The plaintiffs argue that the new rules should be set aside for bypassing normal public notice-and-comment rule-making processes, arguing that the administration’s rationale for doing so -- unemployment related to the COVID-19 pandemic -- is "mere pretext." They further argue that the rules themselves are arbitrary and capricious.

Along with the Universities of Rochester and Utah, other academic entities joining the lawsuit are California Institute of Technology, Cornell University, Stanford University, the University of Southern California, as well as the Presidents Alliance on Higher Education and Immigration, a membership group representing about 500 colleges, and ARUP Laboratories, an academic lab affiliated with the University of Utah. The academic organizations joined with the U.S. Chamber of Commerce, the National Association of Manufacturers and the American Association of International Healthcare Recruitment, among other entities, in bringing the suit.

“The Presidents’ Alliance challenged these interim final rules not only because the administration procedurally short-circuited congressionally mandated public comment requirements, but also because these rules are substantially unreasonable and would cut off an important pipeline of talent, innovation and knowledge," Miriam Feldblum, the executive director of the Presidents' Alliance, said in a statement.

A number of other higher education institutions -- including Arizona State, Indiana and Purdue Universities and the Universities of Denver and Michigan -- filed a separate lawsuit in U.S. District Court for the District of Columbia seeking an injunction of the Labor Department's wage rule.

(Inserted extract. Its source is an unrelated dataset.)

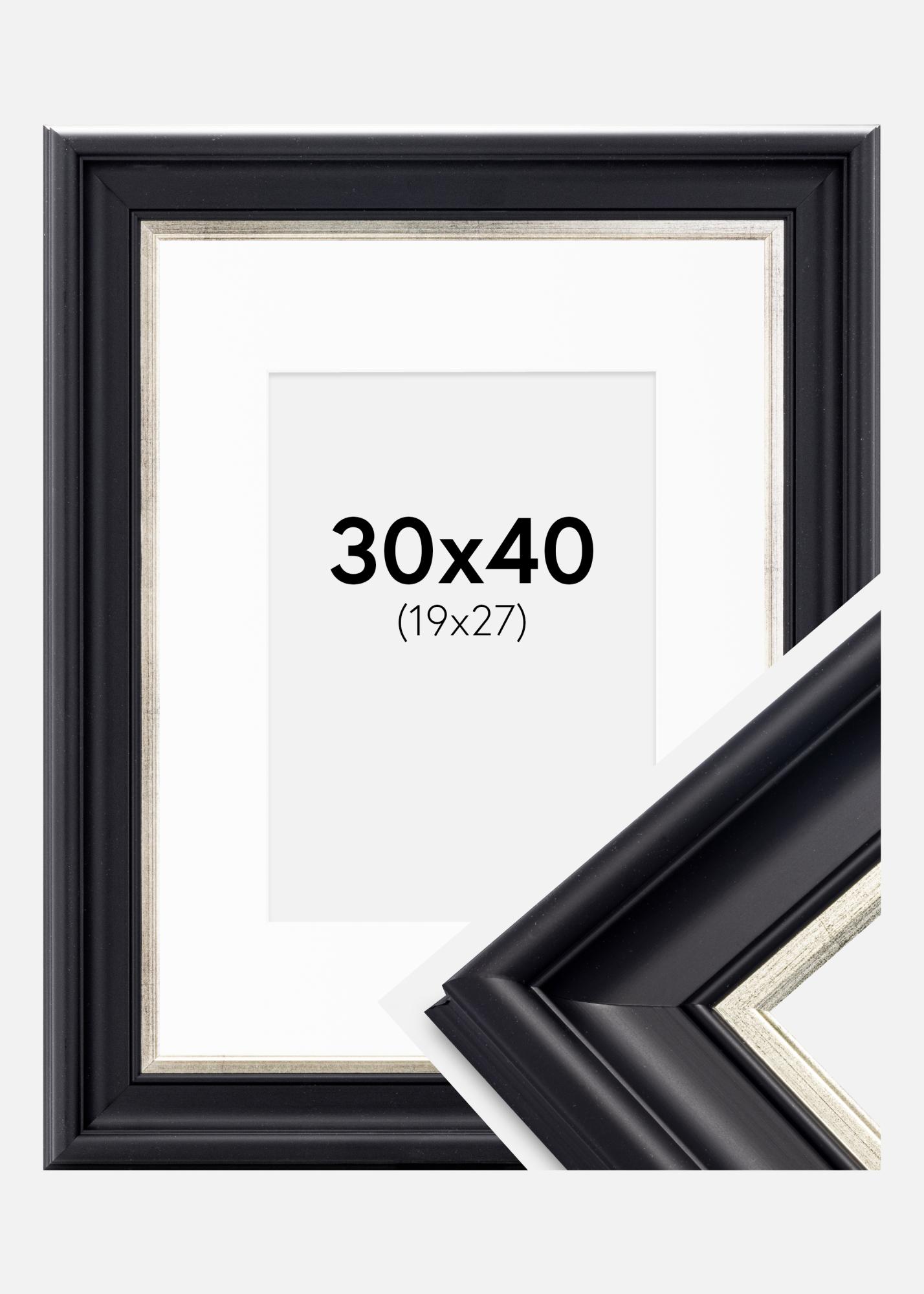Cadre Dalarna Noir-Argent 30x40 cm - Passe-partout Blanc 20x28 cm

The universities argue that the new wage rules "prices the hiring of recent graduates in H-1B status out of reach for employers" and that increasing salaries for international faculty and postdoctoral scholars would drive up wages for all faculty at a time when colleges cannot afford the expense.

"Overall, the wage rate imposed by the new DOL rules creates significant barriers to engaging talent Universities need to prepare the next generation of students to solve the most complex issues facing the country and the world," that lawsuit states.

The Departments of Homeland Security and Labor did not respond to requests for comment Tuesday. In an Oct. 6 statement about the new rules, Acting Homeland Security Secretary Chad Wolf described a need to "do everything we can within the bounds of the law to make sure the American worker is put first."

“The U.S. Department of Labor is strengthening wage protections, addressing abuses in these visa programs, and ensuring American workers are not undercut by cheaper foreign labor,” U.S. Secretary of Labor Eugene Scalia said in a parallel statement Oct. 6. “These changes will strengthen our foreign worker programs and secure American workers’ opportunities for stable, good-paying jobs.”